The agent he’d disarmed cried out in surprise and probably some pain. The suit Armando elbowed in the face crashed into the wall. And then Georgia swore once, loudly, even as she jumped involuntarily away from the space where Dave appeared to simply pop into existence, after having disappeared in a blur of fluid movement.

‘Stand down!’ Trinder shouted. ‘I said, stand down!’ It was the first smart move he’d made since barging into the room. His face, which had been florid with excitement, now looked sallow and slack. A long, uncomfortable second or two of silence followed, broken only by the thump of the elbowed agent sliding to the floor, groaning and snuffling through his broken nose and bloody lips.

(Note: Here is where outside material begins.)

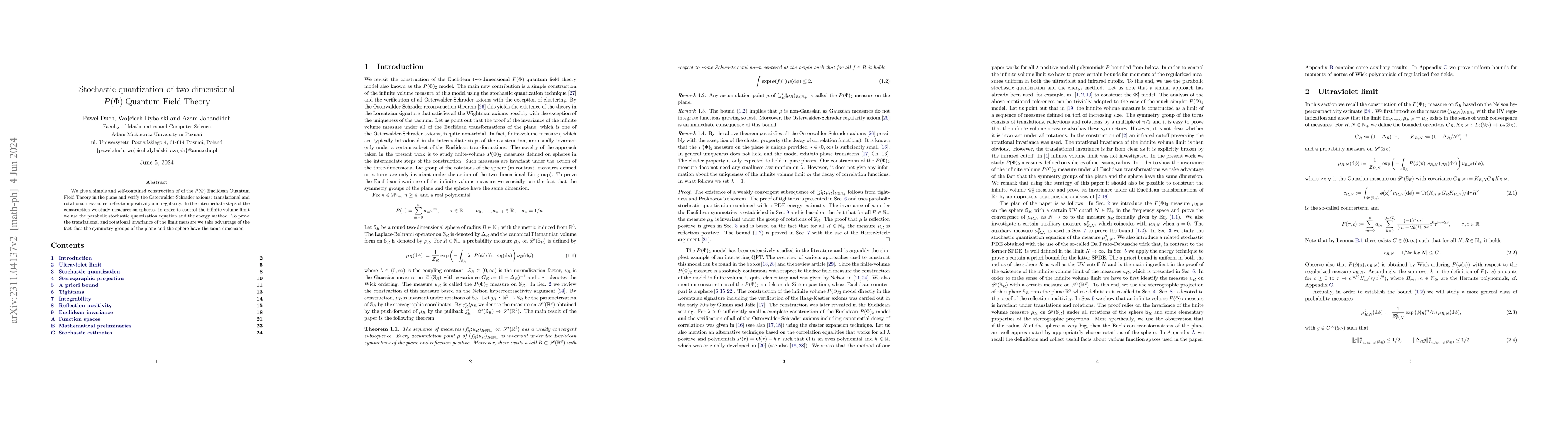 We give a simple and self-contained construction of of the $P(\Phi)$ Euclidean Quantum Field Theory in the plane and verify the Osterwalder-Schrader axioms: translational and rotational invariance, reflection positivity and regularity. In the intermediate steps of the construction we study measures on spheres. In order to control the infinite volume limit we use the parabolic stochastic quantization equation and the energy method. To prove the translational and rotational invariance of the limit measure we take advantage of the fact that the symmetry groups of the plane and the sphere have the same dimension.

‘Comeau,’ said Trinder. ‘See to Agent Bates.’

One of the Men in Black moved toward the injured agent.

‘So, who’d you say you were?’ Dave asked. ‘I’m Dave, by the way. Or Super Dave if you like. That works for me too.’

‘His name is Donald Trinder,’ a deep, commanding voice announced from the back of the room.

Heath.

Dave Hooper didn’t know whether to smile or flinch. Instead he settled, like everyone else, for turning toward the severe-looking black man who had just forced his way into the proceedings at exactly the right moment. Almost as though he had been waiting for it. A couple of inches over six foot, a long dark streak of corded muscle and deep disapproval with the world, Michael Heath, Captain, United States Navy, gave the impression of glaring at everyone all at once.

Agent Trinder, Dave noted, did not appear to be pleased by the arrival of his
. . .
What? His colleague? Dave had worn that same look on his own face many times at Baron’s. Most recently when he thought they were hanging him out to dry for the fire on the Longreach. Before anyone knew what had actually happened.

Even the small pack of carnivorous management consultants, or talent handlers, or whatever they were, fell silent under the power of the glowering, dark-skinned officer in khaki trousers and a short-sleeved tan dress shirt.

Again with the confusing wardrobe choices, thought Dave. They were in the desert, why not wear the desert cammies? The mind boggled.

‘Chief Allen?’

‘Sir!’ Zach dropped the surfer dude ’tude for pure military mode.

‘Clear the room of civilians,’ Heath barked, leading Trinder to issue a follow-up order to the agents he had out in the hallway to assist.

The protests, empty threats and cries of outrage faded away as the small crowd was forced out of earshot. Dave was sorry to see that fistful of Benjamins disappear.

‘Them too,’ said Heath, indicating the Fox News staffers.

‘No way,’ Georgia Knox said, folding her arms and jutting her chin at the naval officer. ‘You’re on private property, buddy. We’re here as guests of the Bellagio, isn’t that right, Alec?’